Time to take care of you now...
For me, Hospice was so very helpful. But i didn't realize they had a help program for after i lost my Mother, almost 2 yrs. ago. I DO know, that time Does heal. Say that over and over again. There are different ways for different people to get thru this. I was depressed and missed fixing my Mom's little afternoon treats. I felt guilty of not doing more. I also was the only one of my siblings to take care of her. I'm 70 now, and Did get another job...part time, and that has helped me a lot. I hope you take advantage of the help from hospice, and God Bless you for loving your parent enough to make sacrifices, and help them get thru the last days of their lives. Go forward, one day at a time. And come Here, if you need more support.
What I read is that you don't have the feeling of being needed now that your Mother is gone.
I also read that you enjoyed being there with other families too.
Go to a therapist if you truly feel that it necessary, nothing wrong with that.
What I also read is that you have...a life now and don't know what to do now.
You said that going to hospice gave you a reason to get up everyday etc. You can still do that!
Talk with the facility manager about becoming a permanent visitor. There are many people who do not have anyone to care. You can be that person who cares.
You may just find someone just like you and who knows what life will bring your way.
It just may turn out better than EHarmony.com😁
Coming 2 mos. since mine passed, been on such a roller coaster ride of emotions! Still not wanting to make her mad, a lifelong "thing".
So many posters here who share aspects of your situation (SO many!) Adding my name to the list of singles/no kids. And now what??

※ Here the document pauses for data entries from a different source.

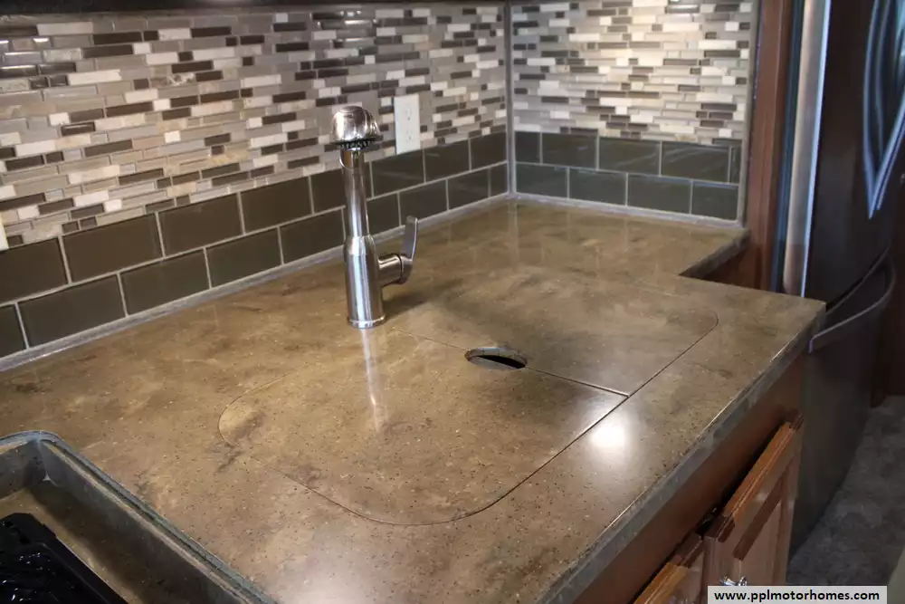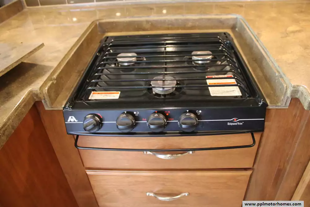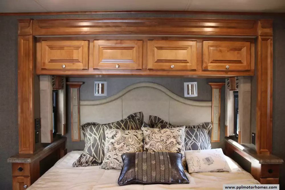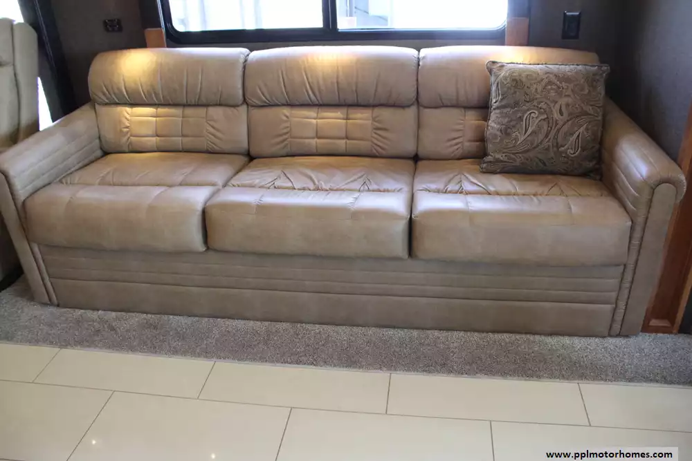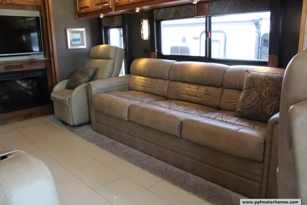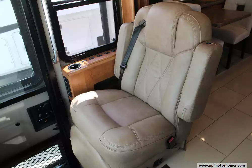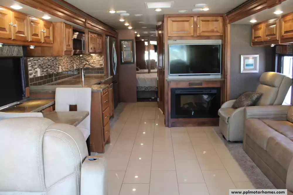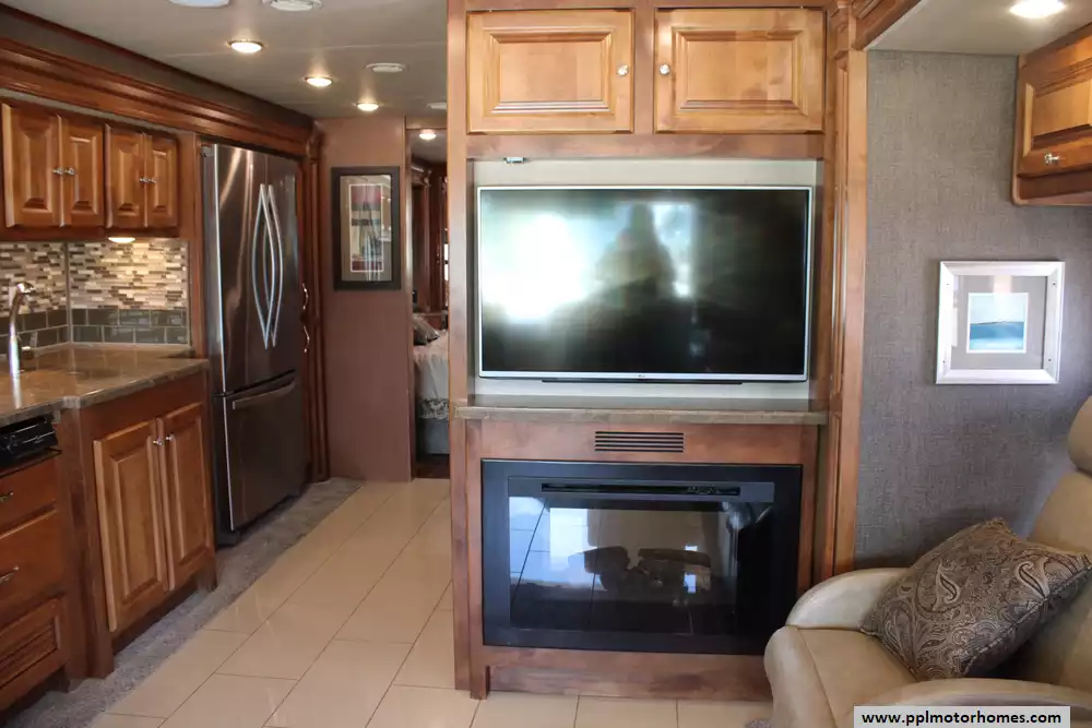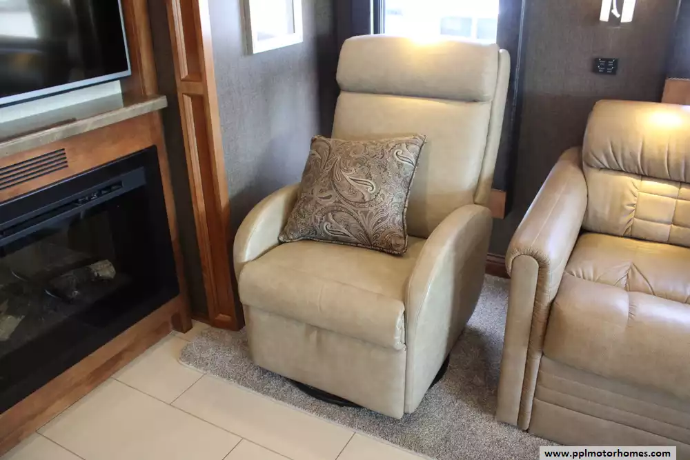 Inside, the 37PA features four slide-outs that create an open living space with upscale finishes such as custom wood cabinetry, tile in common areas, Luxury Vinyl Plank flooring in bedroom; plus residential-style furnishings, including upgraded sofa and captain chairs, recliner, fireplace, credenza computer and printer workstation, multiple LED TVs connected to a BluRay DVD player and DISH satellite TV receiver with upgraded Winegard Trav'ler antennae; Winegard WiFi extender, and WeBoost cell phone signal booster. .
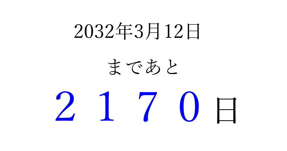 2032年3月12日(金)まで あと 9999 日です 追加すると、トップページからすぐ選べるようになります ※2026/04/03現在の結果です。 最新の状態に更新する ↓シェアして、タイムライン上にカウントダウンを表示しよう!↓ 📤 この結果を共有する Tweet シェア Threads Bluesky 別の日付でカウントダウン 2032年3月のカレンダー このページをブックマークに追加すると、いつでもカウントダウンを確認できます。 (PC: Ctrl+D / Mac: ⌘+D) hitome-notes.comでは以下のページも運営しています。 指定日と期間から日付を計算 | ガチャ確率計算・シミュレーション | プライバシー・ポリシー 運営者:Avocado
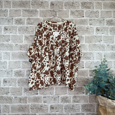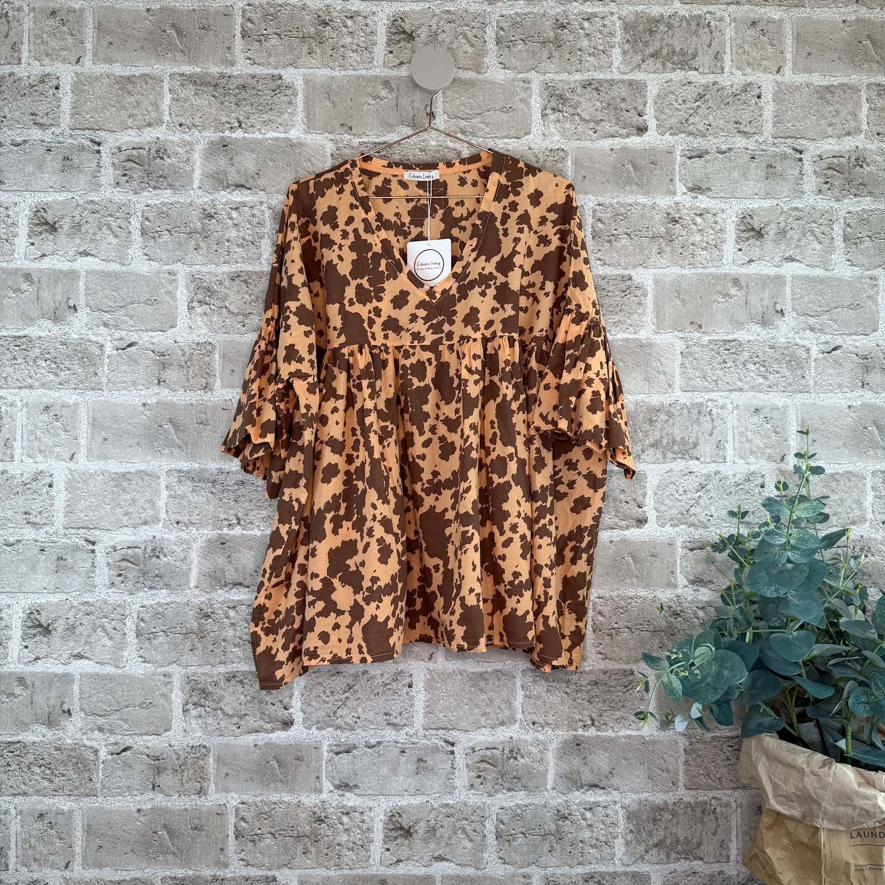 ❥ Mål på størrelse: Onesize - Mål over bryst: 80 cm - Målover bryst udstrakt: 80 cm - Mål i bund: 131 cm - Længde front: 73 cm - Længde Bag: 73 cm - Ærme udvendig: 48 cm - Ærme indvendig: 18 cm
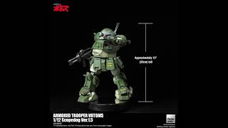 2017年にリリースされた最初の1/12 スコープドッグと比べて、このVer.1.5では新たな塗装表現とアップグレードした関節構造をフィーチャー。肩のボールジョイントと踝の関節はダイキャスト製金属パーツにアップグレードされ、また肩関節のソケットも耐久性を向上させたものになっています。
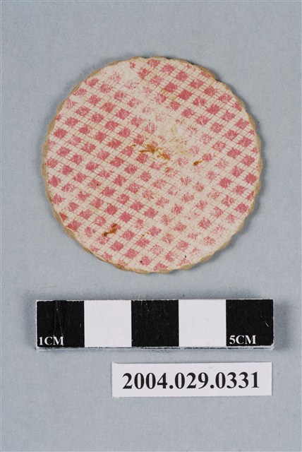1.本物件為「小蜜蜂之小蜜蜂與青蛙尪仔標」。為一圓型花邊紙質尪仔標,表面破損。正面小蜜蜂坐在青蛙身上的圖樣,右上印有黑色「小蜜蜂青蛙」,四方皆有圖案,上方為撲克牌中的「紅心」圖樣,右方為猜拳中的「布」圖樣,下方為生肖中的「猴」,左方為象棋中的「士」,其中紅心為紅色,布、士與猴為黑色。背面為紅色花瓣圖樣。
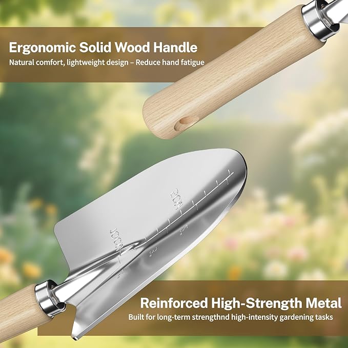 - 【Plant with Precision and Confidence】The shovel blades feature clear depth markings, guiding you to plant or transplant seedlings at the perfect depth every time. Whether you're a beginner taking your first steps in gardening or an experienced green thumb, these precise markings ensure your plants get the optimal start.

Finding myself anxious to delve into everything I had planned for back when I quit my job to start something new in life. Had no idea what I was starting was a ft+ unpaid job of tending to Mom and her needs, whether they be perceived, or real.
For anyone reading and wondering, if you can stop yourself from quitting your job, please do so.
Friends are looking at early retirements now, and I'm wondering where I'll begin working, and for how long.
To the OP, maybe give yourself some more time for your thoughts to clear, and open up as to how you can now fill your time, for you. Its probably been so long since you were able to do that, it may just feel foreign now. Why I asked how long its been since she passed.. it will take some time. Can't say how long as everyone is different.
I still agree on an old addage: Don't make any major decisions for at least a year. Although some times life can take away from that, too.
All the best, and hoping you find peace and comfort.